The extent of school and extracurricular support received was assumed to provide an indirect measure of learning disabilities. School support corresponded to the educational services put in place at school (i.e., number of months in which the child received help such as a school-life support, care service, school support, personalized schooling, or personalized educational success program). Extracurricular support corresponded to out-of-school care (i.e., number of months the child received speech or motor therapy or psychological follow-up).
Procedure
The study was approved by the institutional review board (CPP Est III, 12 March 2013, ID-RCB Number: 2012-A00787-36) and registered with the French Data Protection Authority (CNIL, EGY/VCS/AR135993). Written consent was signed by the child and at least one parent after they had read an information note. The testing protocol was carried out by two experienced psychologists, assisted by four Master's students.

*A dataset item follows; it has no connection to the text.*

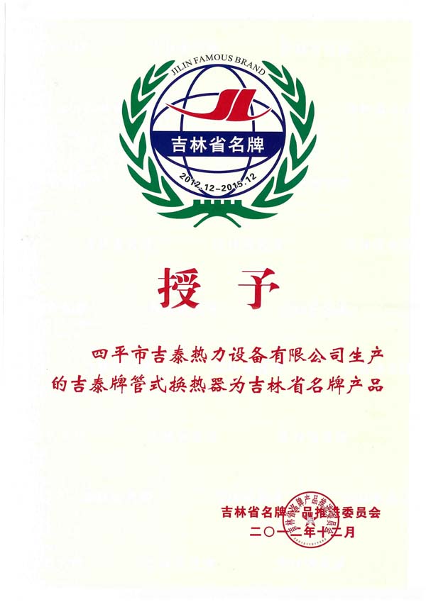 • SIPING JITAI HEAT EXCHANGE EQUIPMENT CO.,LTD. 四平市吉泰熱力設(shè)備有限公司

The protocol was part of a larger study of neuropsychological disorders in NF1 (3 sessions each lasting 150 minutes). The children with NF1 were seen as part of their neuropsychological assessment at the hospital, while control children were seen at home. The tests were administered in a predefined and systematized order.
Statistical analyses
All analyses were carried out with R software (R Core Team, www.r-project.org). Differences between the NF1 and control groups on raw or standardized scores (based on calibrations) on the various measures were examined with two-tailed Student t tests. Welch's correction was applied to degrees of freedom to account for the heterogeneity of variances in the population. A value of p < .05 was considered significant and a value of p ≤ .10 as a trend. Effect sizes were calculated and analyzed according to Cohen's recommendations26: small if 0.2 ≤ d < 0.5; moderate if 0.5 ≤ d < 0.8; large if d ≥ 0.8.
Linear regressions were calculated to examine the determinants of low QoL domain scores (self- and proxy reports). Two kinds of predictors were considered and selected on the basis of a critical threshold of .10, namely (1) low EF scores, and (2) sociodemographic (age, sex, parental education level) and disease-related (sporadic vs. familial form, severity, visibility) factors. We also included the extent of school and extracurricular support (see 27, 28), in order to contrast it with other indicators. Any missing data for a regression were completed ("impute" or "fill in") with the Amelia 2 package 29, 30. The parameters of the function assumed that the data were multivariate normal. This program uses the EMB algorithm (B for bootstrap31). A total of 100 completed datasets were created (by default with Amelia 2) and backed up. Regression results (beta and SE) were pooled according to standard multiple imputation rules32.